===== Extracted data

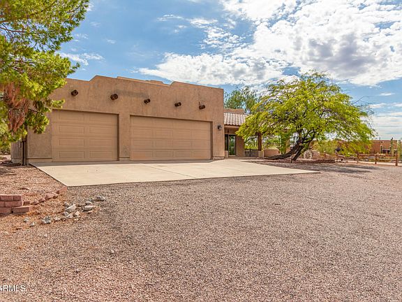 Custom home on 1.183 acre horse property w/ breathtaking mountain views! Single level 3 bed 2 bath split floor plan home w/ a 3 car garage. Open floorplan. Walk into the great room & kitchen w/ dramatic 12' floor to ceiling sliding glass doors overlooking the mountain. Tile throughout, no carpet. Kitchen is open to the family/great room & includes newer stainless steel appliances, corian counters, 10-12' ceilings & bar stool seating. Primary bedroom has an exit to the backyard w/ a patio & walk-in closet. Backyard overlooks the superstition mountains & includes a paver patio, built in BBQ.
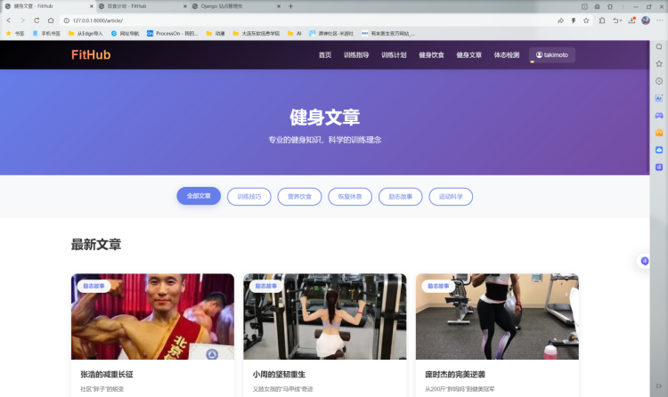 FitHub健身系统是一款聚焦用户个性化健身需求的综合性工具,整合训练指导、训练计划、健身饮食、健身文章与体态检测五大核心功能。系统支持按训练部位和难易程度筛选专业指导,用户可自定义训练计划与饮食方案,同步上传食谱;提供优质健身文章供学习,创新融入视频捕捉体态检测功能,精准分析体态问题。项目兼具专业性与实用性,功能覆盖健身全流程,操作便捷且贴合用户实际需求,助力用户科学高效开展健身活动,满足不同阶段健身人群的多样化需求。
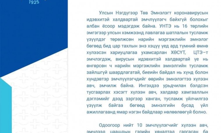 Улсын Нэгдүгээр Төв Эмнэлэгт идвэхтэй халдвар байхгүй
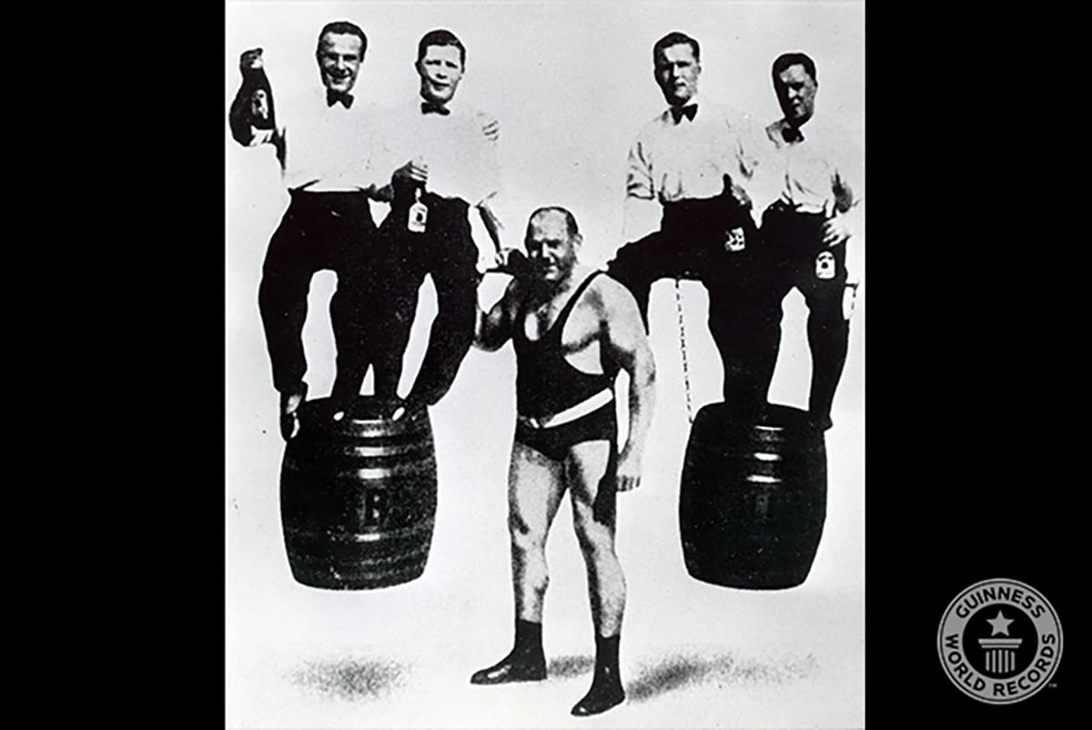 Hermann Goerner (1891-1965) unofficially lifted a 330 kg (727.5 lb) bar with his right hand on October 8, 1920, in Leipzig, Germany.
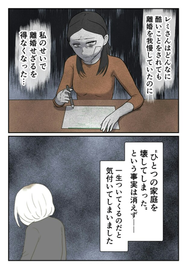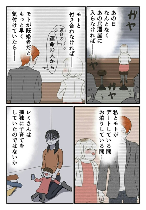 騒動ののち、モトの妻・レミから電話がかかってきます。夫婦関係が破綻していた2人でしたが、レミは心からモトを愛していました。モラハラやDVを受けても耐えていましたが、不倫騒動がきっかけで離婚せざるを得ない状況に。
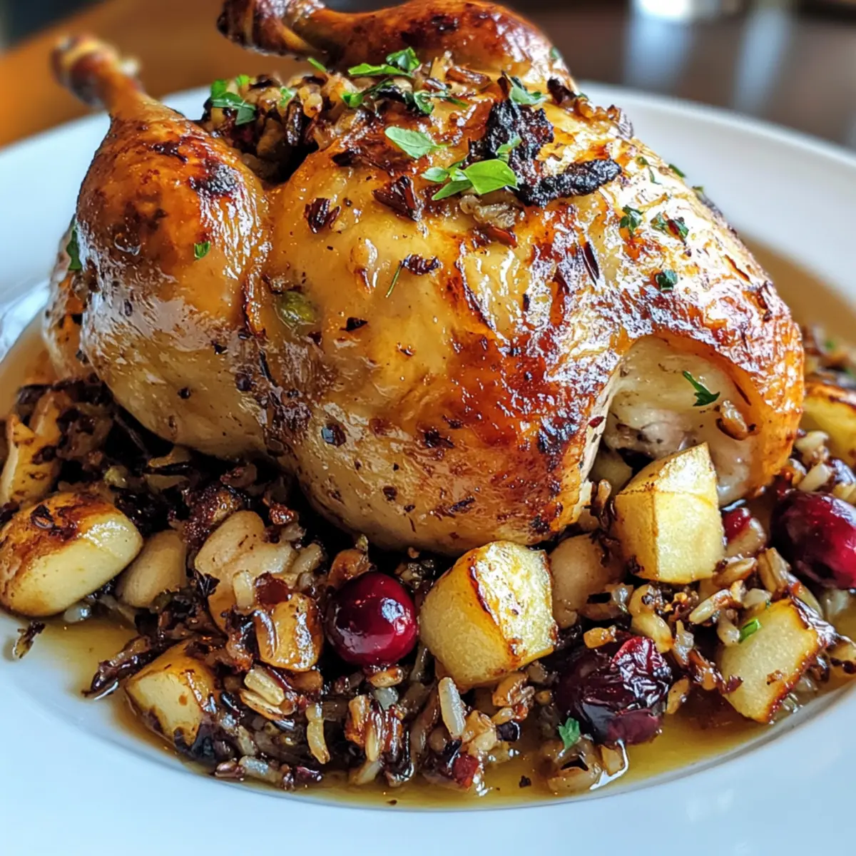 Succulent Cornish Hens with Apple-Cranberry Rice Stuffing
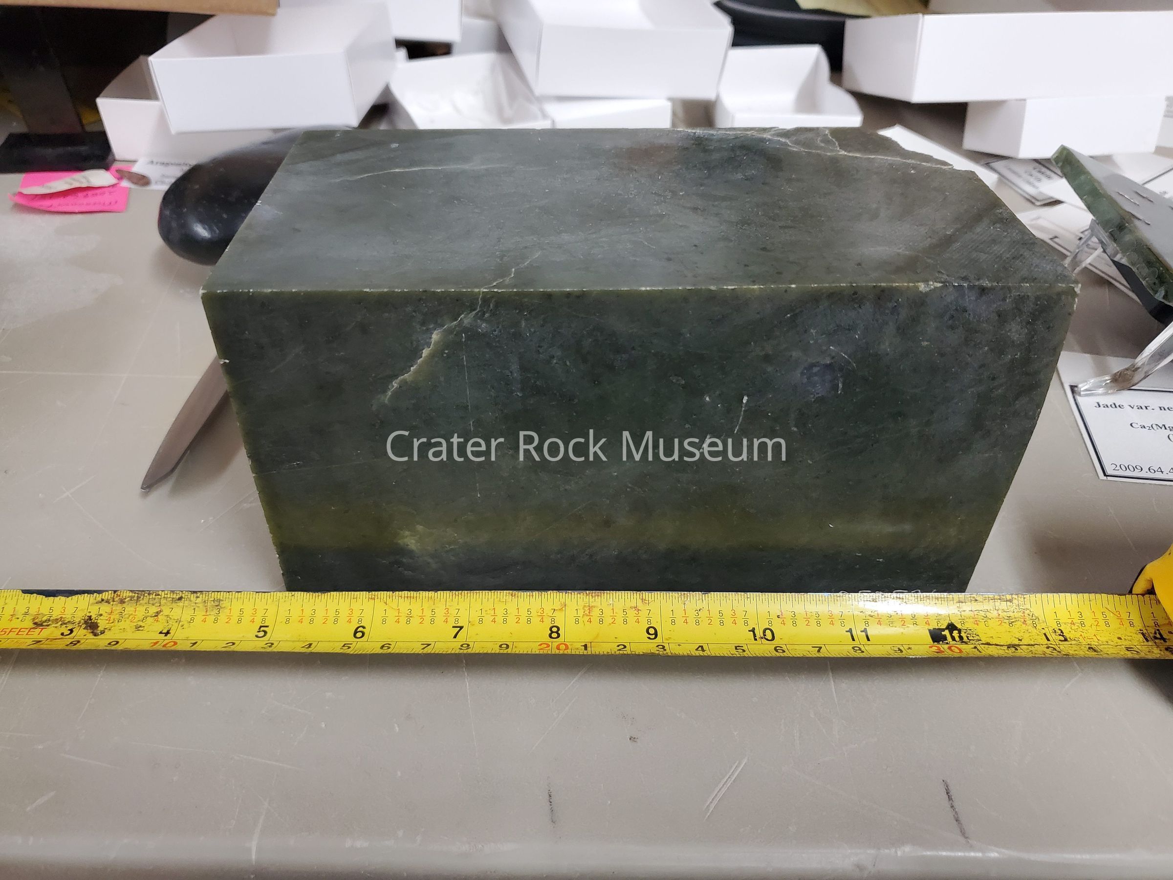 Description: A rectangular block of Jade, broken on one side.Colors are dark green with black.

==========
===== Extracted data

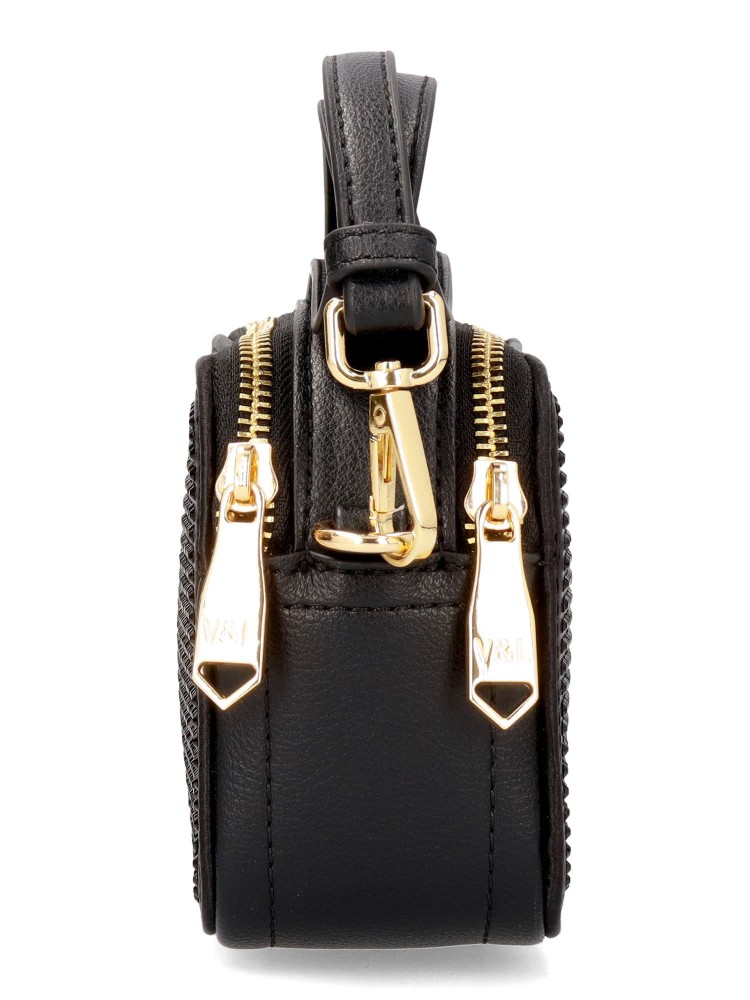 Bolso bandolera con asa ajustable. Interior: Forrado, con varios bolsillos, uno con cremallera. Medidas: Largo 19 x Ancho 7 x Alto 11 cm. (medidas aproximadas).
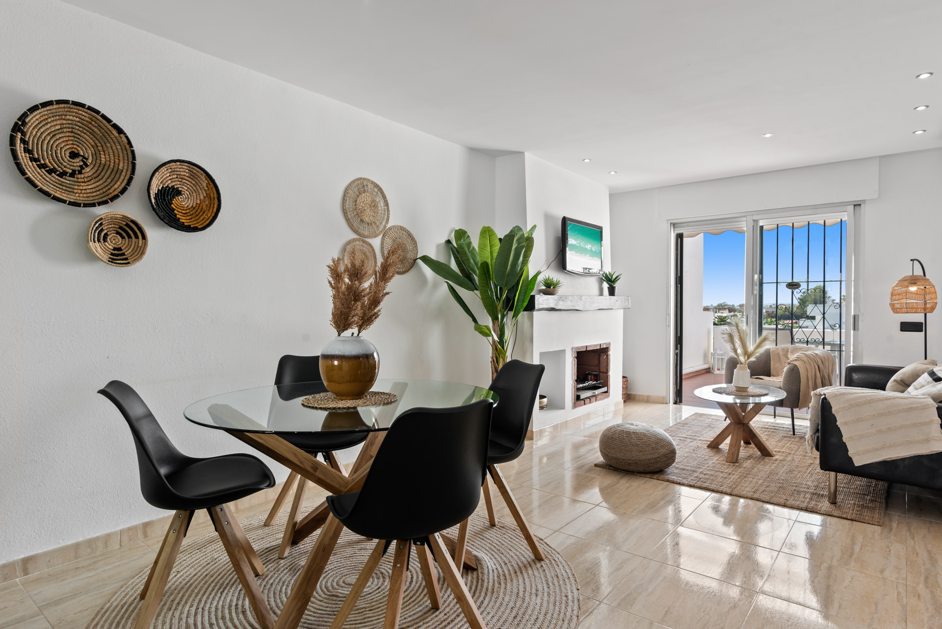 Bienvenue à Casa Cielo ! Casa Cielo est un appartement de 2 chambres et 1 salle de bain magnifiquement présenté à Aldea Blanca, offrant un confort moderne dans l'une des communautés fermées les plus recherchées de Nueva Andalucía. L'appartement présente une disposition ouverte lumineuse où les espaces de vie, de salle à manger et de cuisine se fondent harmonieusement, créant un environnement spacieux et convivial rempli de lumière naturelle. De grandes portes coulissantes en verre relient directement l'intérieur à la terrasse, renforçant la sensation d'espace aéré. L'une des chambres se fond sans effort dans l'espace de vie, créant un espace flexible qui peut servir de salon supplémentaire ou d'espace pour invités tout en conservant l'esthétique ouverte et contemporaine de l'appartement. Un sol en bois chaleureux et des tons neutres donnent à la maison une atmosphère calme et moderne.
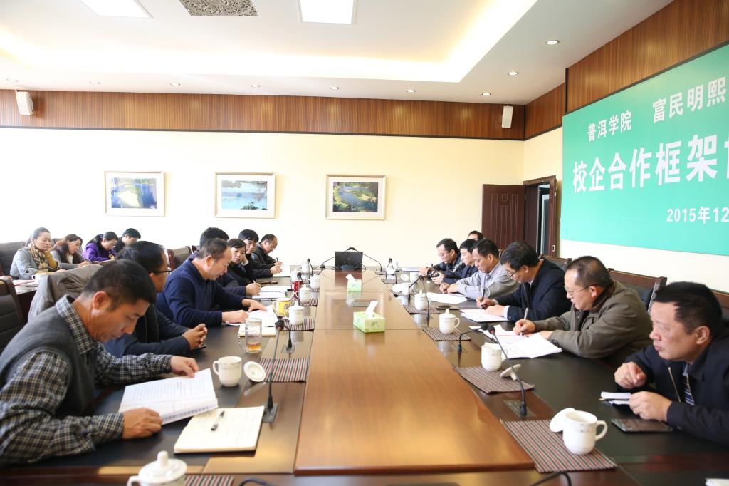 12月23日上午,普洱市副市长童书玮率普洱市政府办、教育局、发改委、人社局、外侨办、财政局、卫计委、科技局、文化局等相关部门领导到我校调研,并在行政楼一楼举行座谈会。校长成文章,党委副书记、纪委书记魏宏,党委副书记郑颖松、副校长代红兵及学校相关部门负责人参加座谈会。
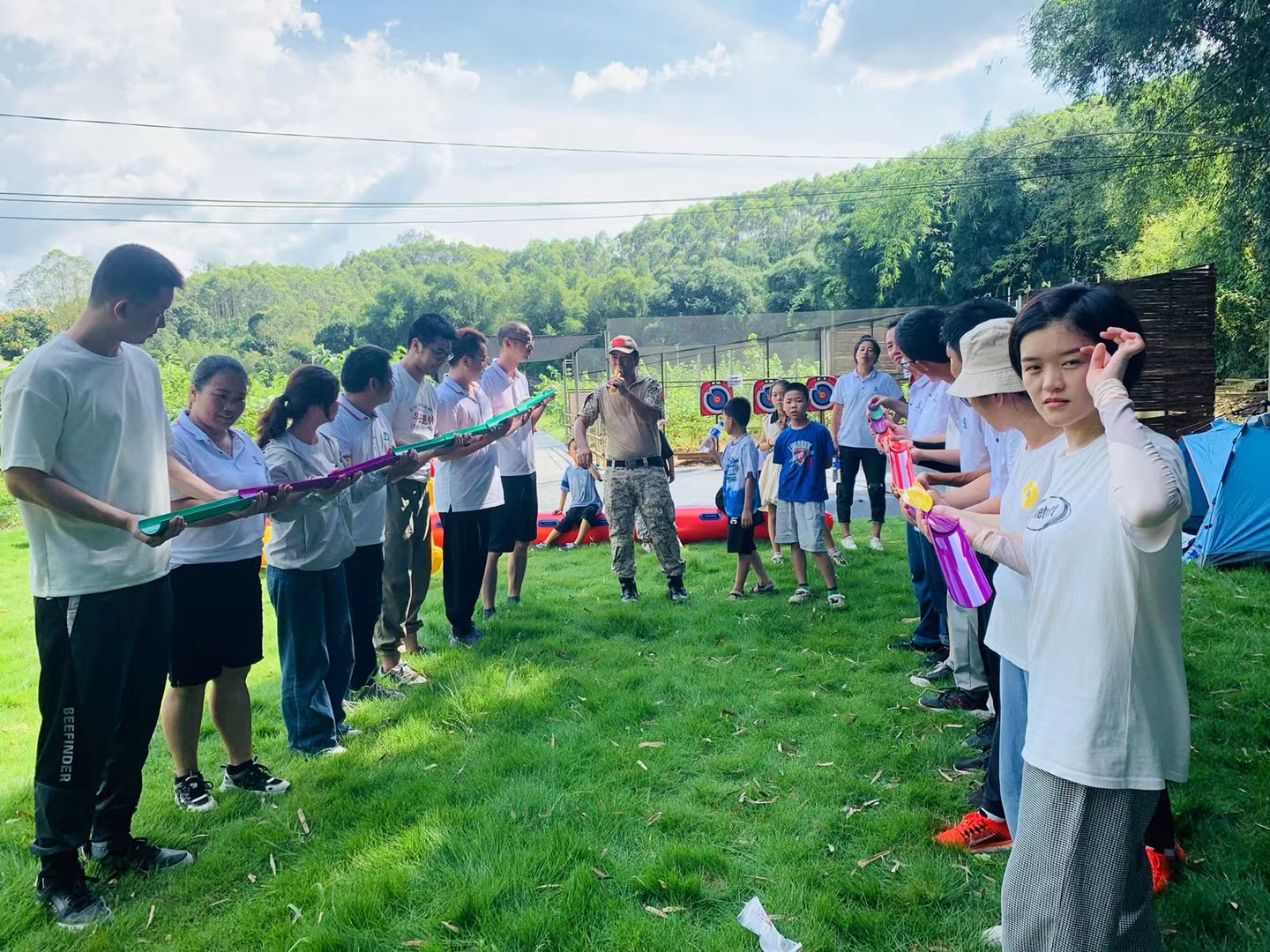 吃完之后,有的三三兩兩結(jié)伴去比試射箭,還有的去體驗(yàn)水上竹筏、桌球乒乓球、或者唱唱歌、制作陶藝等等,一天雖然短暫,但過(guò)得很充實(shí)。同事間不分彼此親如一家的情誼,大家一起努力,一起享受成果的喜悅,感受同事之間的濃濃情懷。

==========

▶ [Task prompt]
From the records above, transcribe exactly the lines starting at the one containing "Bienvenue à Casa" and ending at the one containing "吃完之后,有的三三兩兩結(j". Skip the pictures.

▶ [Answer to this task]
 Bienvenue à Casa Cielo ! Casa Cielo est un appartement de 2 chambres et 1 salle de bain magnifiquement présenté à Aldea Blanca, offrant un confort moderne dans l'une des communautés fermées les plus recherchées de Nueva Andalucía. L'appartement présente une disposition ouverte lumineuse où les espaces de vie, de salle à manger et de cuisine se fondent harmonieusement, créant un environnement spacieux et convivial rempli de lumière naturelle. De grandes portes coulissantes en verre relient directement l'intérieur à la terrasse, renforçant la sensation d'espace aéré. L'une des chambres se fond sans effort dans l'espace de vie, créant un espace flexible qui peut servir de salon supplémentaire ou d'espace pour invités tout en conservant l'esthétique ouverte et contemporaine de l'appartement. Un sol en bois chaleureux et des tons neutres donnent à la maison une atmosphère calme et moderne.
 12月23日上午,普洱市副市长童书玮率普洱市政府办、教育局、发改委、人社局、外侨办、财政局、卫计委、科技局、文化局等相关部门领导到我校调研,并在行政楼一楼举行座谈会。校长成文章,党委副书记、纪委书记魏宏,党委副书记郑颖松、副校长代红兵及学校相关部门负责人参加座谈会。
 吃完之后,有的三三兩兩結(jié)伴去比試射箭,還有的去體驗(yàn)水上竹筏、桌球乒乓球、或者唱唱歌、制作陶藝等等,一天雖然短暫,但過(guò)得很充實(shí)。同事間不分彼此親如一家的情誼,大家一起努力,一起享受成果的喜悅,感受同事之間的濃濃情懷。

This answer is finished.